Сунув мне бутыль, он приказал облить тварь керосином, а сам вытащив из кармана кусачки начал сноровисто вырывать из пасти червя самые мелкие зубы. Вырвав с полсотни, Щукарь водрузил голову, на начавшее сворачиваться в клубок тело, и я снова увидел, как загорелся его палец.
— Ну как говорится, гори, гори ясно, чтобы не погасло — изрёк он и встряхнув рукой, отбросил на кучу потусторонней плоти, огненный язычок.
А когда тварь неестественно ярко вспыхнула, дед стремительно вернулся в сарай и быстро вышел оттуда, сжимая в руке ржавую подкову.
— Ну а теперь давай паря уходим, пока тут всё не схлопнулось. Только иди за мной след в след — предупредил Щукарь и обогнав меня, быстро направился в сторону ожидавшей нас Авдотьи Никитичны.
Бодро следуя за ним, я через минуту пересёк границу аномалии и услышав за спиной непонятный звук, обернулся, чтобы успеть увидеть, как в смолянисто чёрном дыму от разгоревшегося костра, исчезает сарай вместе с тем островком на котором он стоял.

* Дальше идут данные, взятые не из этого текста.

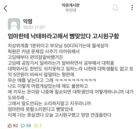 엄마한테 낙태하라고 해서 뺨맞은 남자..
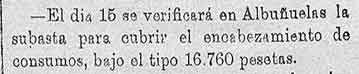 14 de junio de 1887. Consumos de Albuńuelas
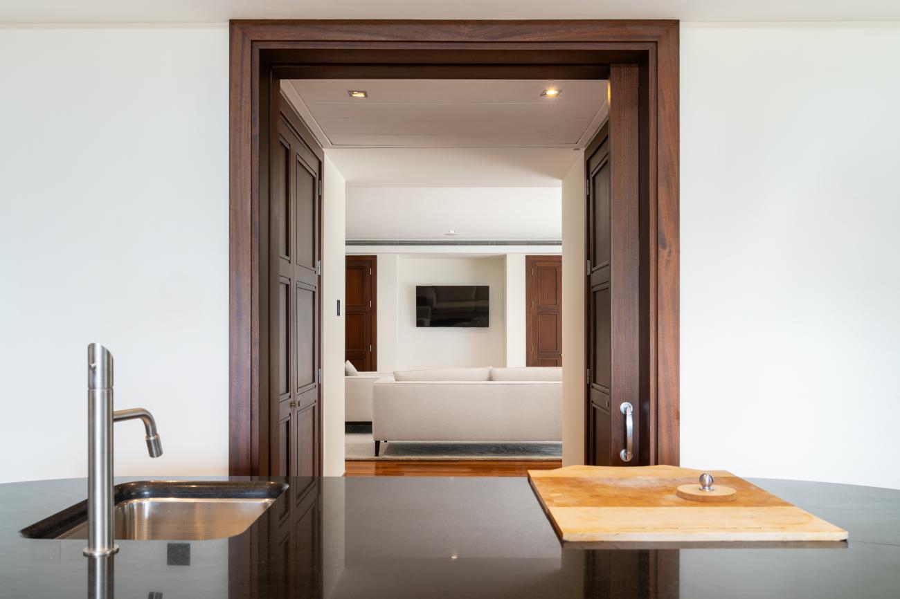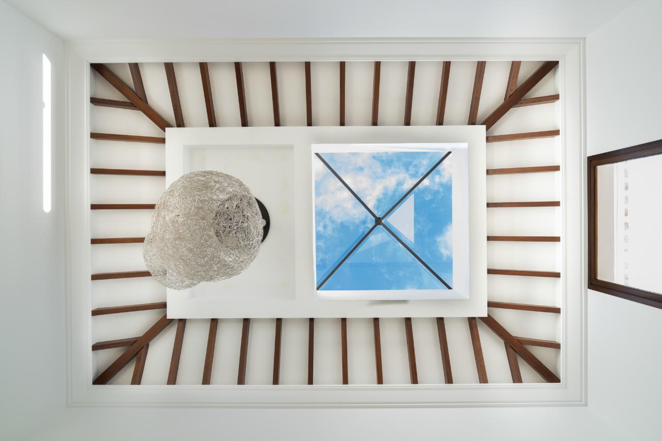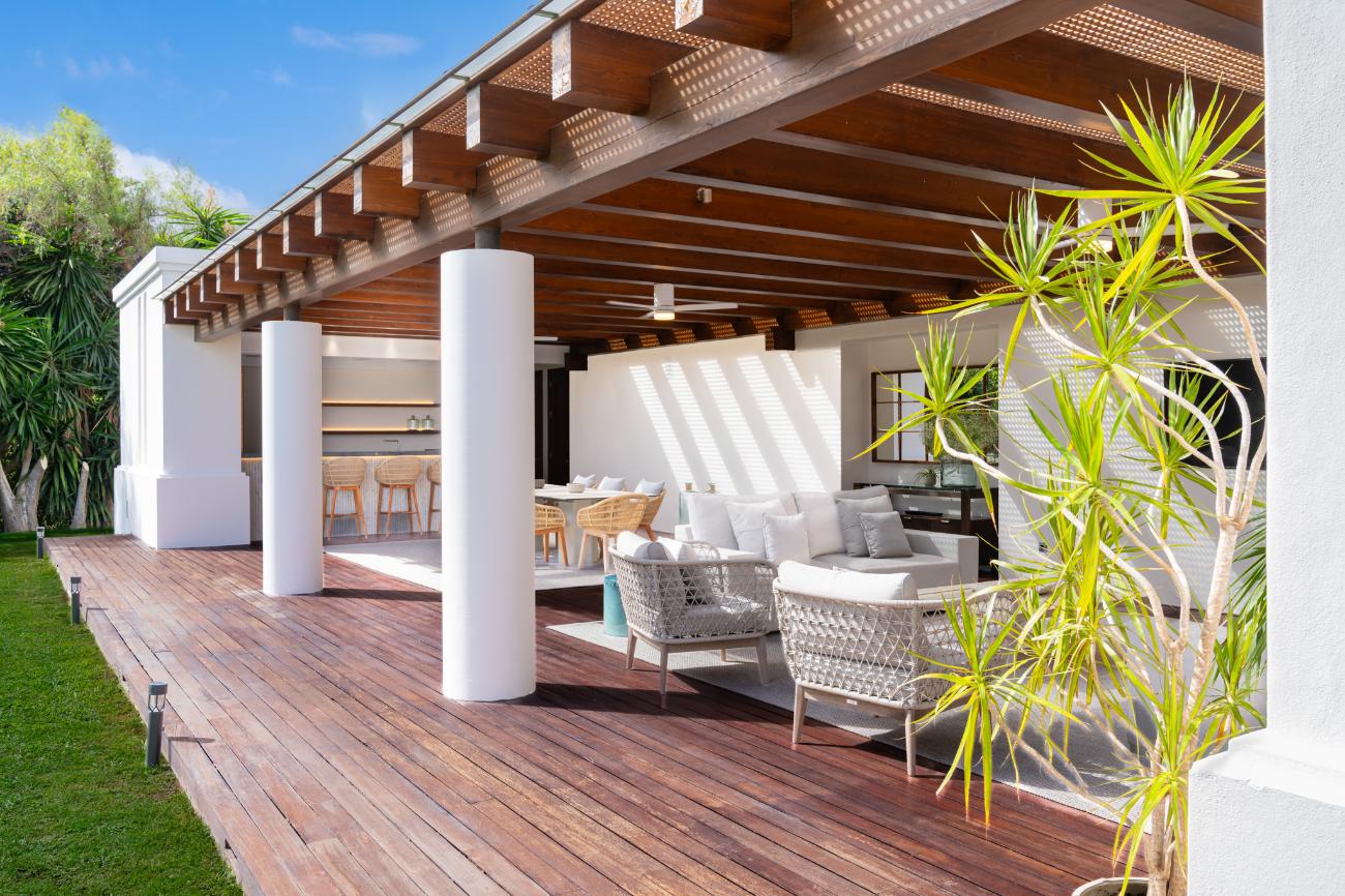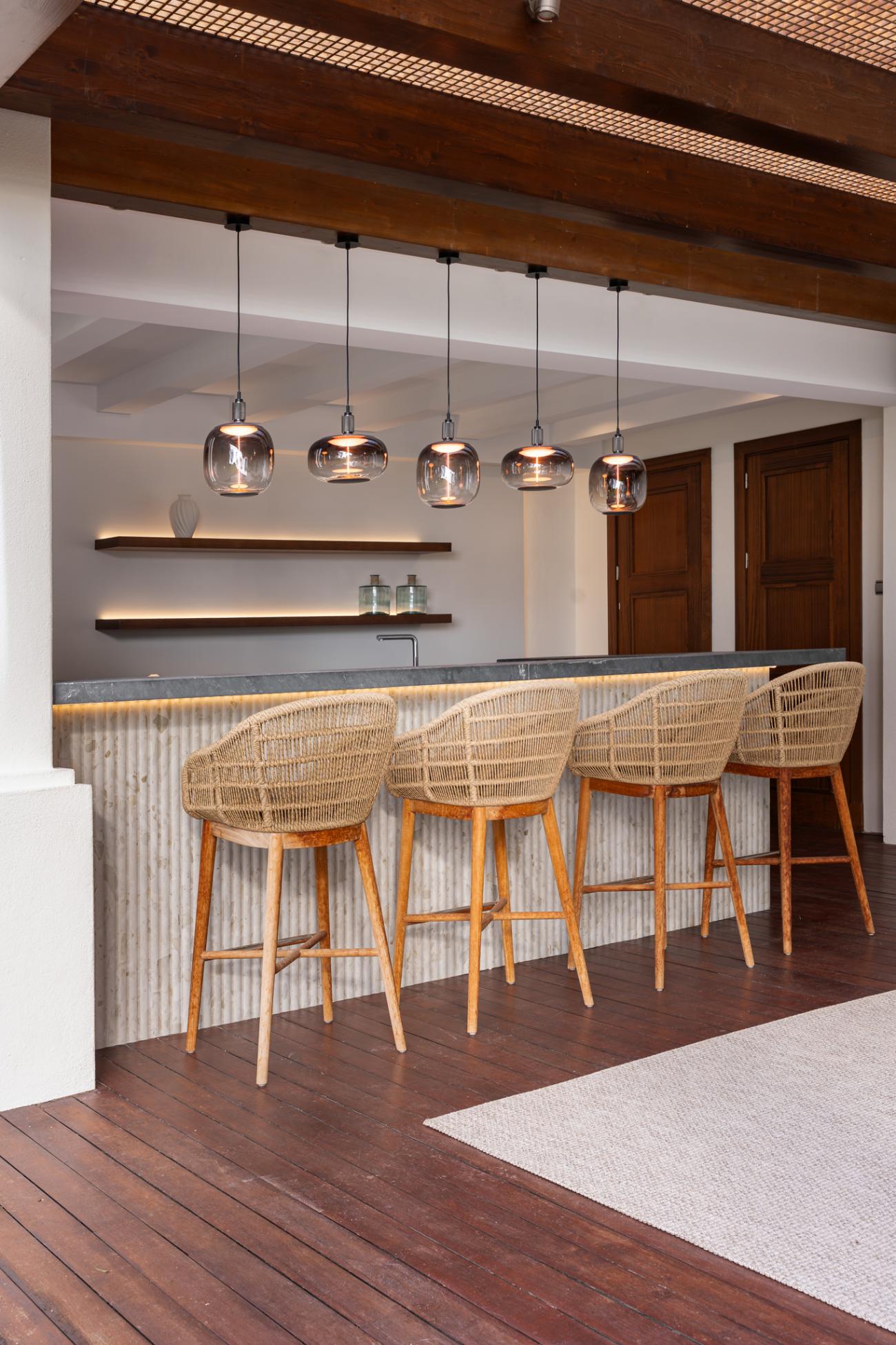 A deep main terrace with a view of the sea offers the vantage point you sought, complete with shaded sofas for comfortable conversation, a solarium for sun worshippers, and a modern glass-topped dining table for late-night alfresco meals. A carved wooden aperitif table with stool seating at the other end serves as your sunset ritual, while a BBQ station is available for grilled lunches. Constant sea-view balconies on the first floor provide peaceful areas for reading and stargazing at night.
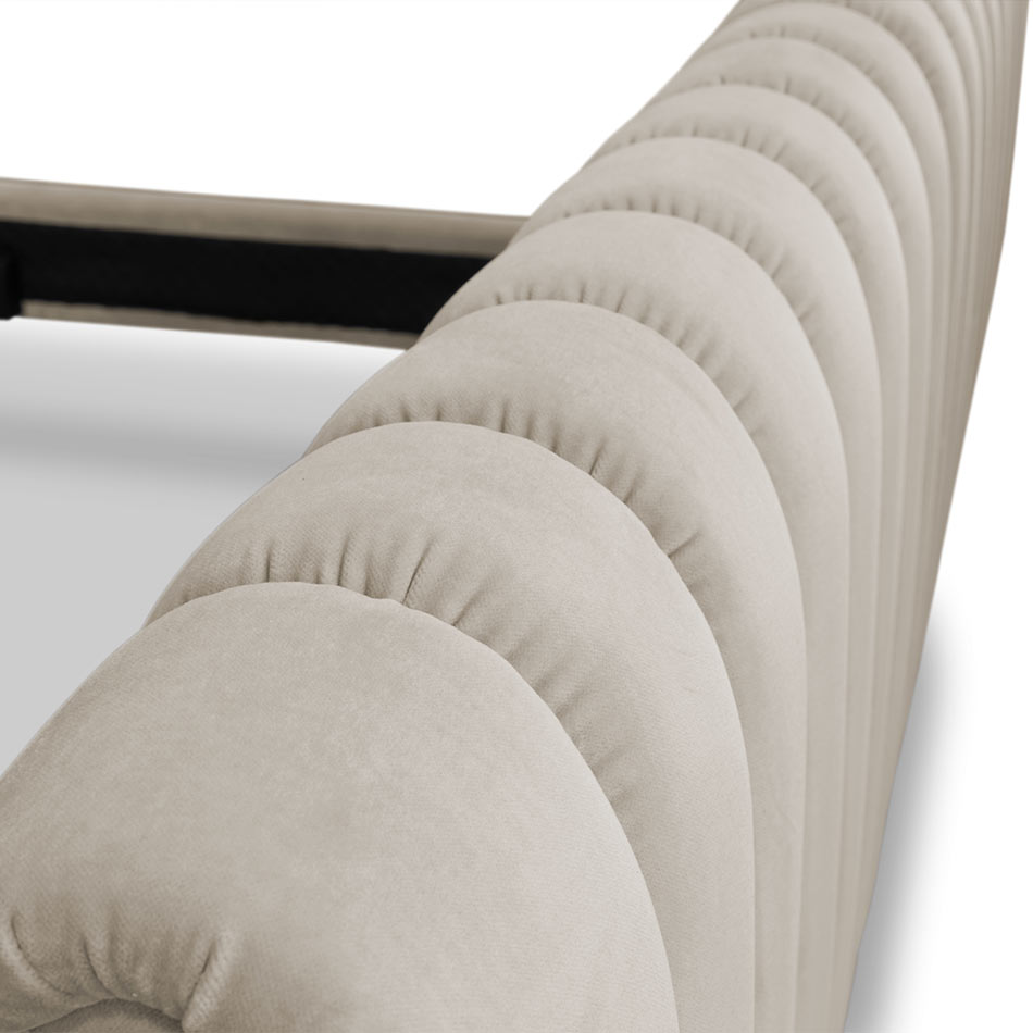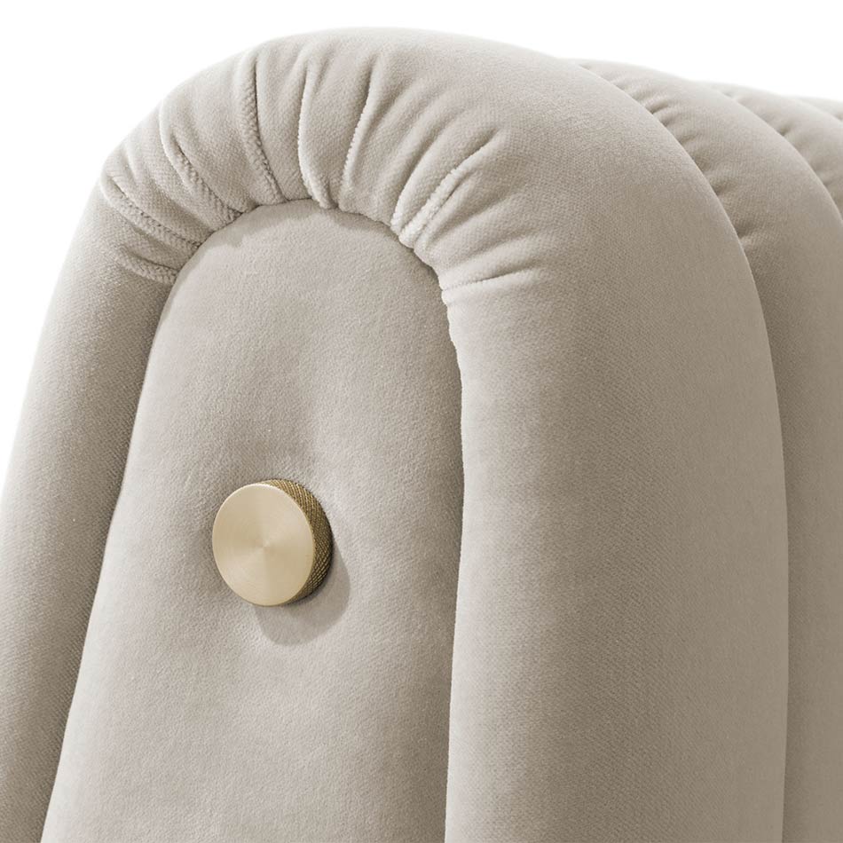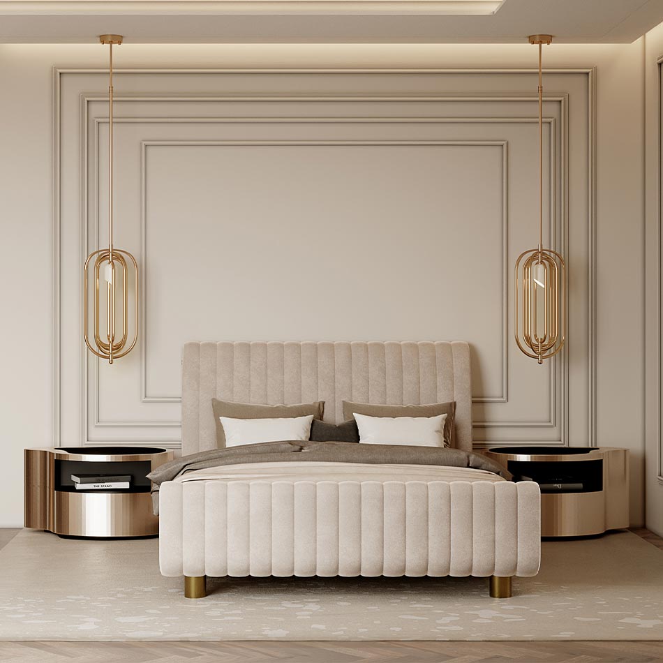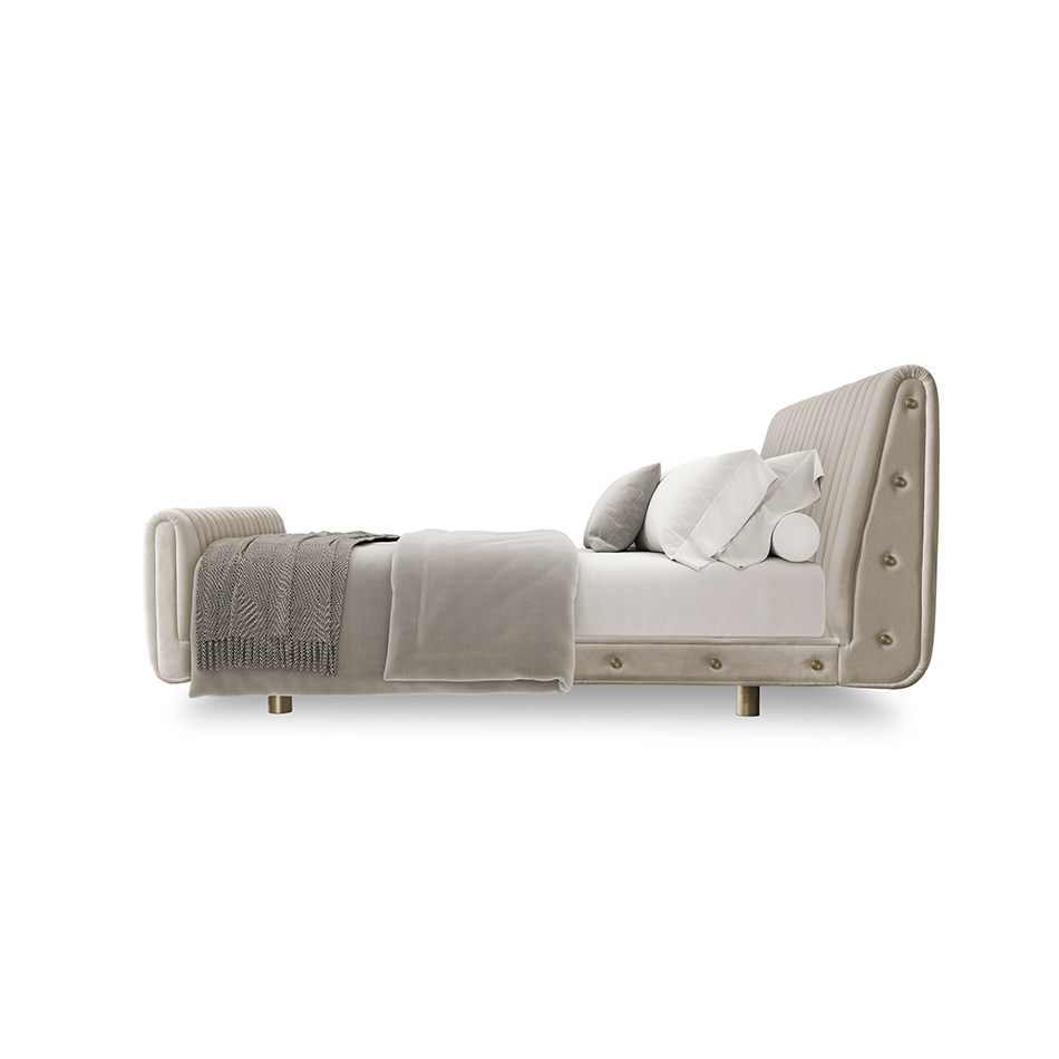 Sophia is a mid-century styled panel bed with bonded velvet on the headboard and footboard, perfect for any bedroom. Expertly stitched from the top to the bottom and accented with tufted metal buttons on both sides, proving high quality stunning details. It features legs also made of metal, turning this bed into an inspiring retro furniture piece.
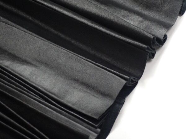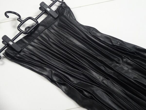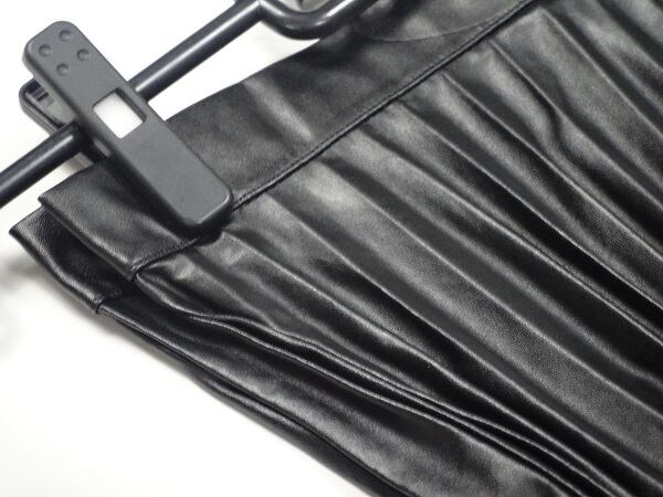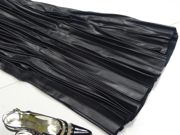 フェイクレザーミモレ丈プリ-ツスカートです。甘めなプリ-ツもレザ-調ならではのものです。サイドファスナー。裏地付。
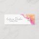 This modern mini business card features a clean, minimalist design with a vibrant pink yellow ink design in the background. The card can be easily customized with your name, title, contact details, and QR code, making it a great choice for professionals who want a simple yet eye-catching card. The design is sleek and modern, making it perfect for a range of industries and professions.

А уже через пару секунд, скопившийся на месте аномалии дым начал подниматься вверх, оставляя после себя, пошедшую волнами, мазутную трясину.
Глава 4
Родина
Деревня Артельная.
— Ну вот я и дома — сказала Авдотья Никитична, едва мы поднялись на невысокий холмик.
Замерев на месте, она поклонилась в пояс, самому крайнему из домов, окружному остатками разваливающегося забора.
Крайняя улица деревни Артельная, представляла из себя два ряда покосившихся хат, окруженных запущенного вида сараями и прочими хозяйственными постройками. Повсюду торчали одичавшие яблони, вишни и сливы. Между дворами шла колея, сплошь заросшая разнотравьем, бурьяном и густыми кустами, перемежающимися с небольшими деревцами.
Судя по живописному виду сельских развалюх, деревню начали покидать очень давно и пока мы шли только несколько встреченных хат выглядели более-менее нормальными. К тому же в воздухе просто витал дух неживого умиротворения, обычно свойственный старым кладбищам, находящимся на отшибе жизни.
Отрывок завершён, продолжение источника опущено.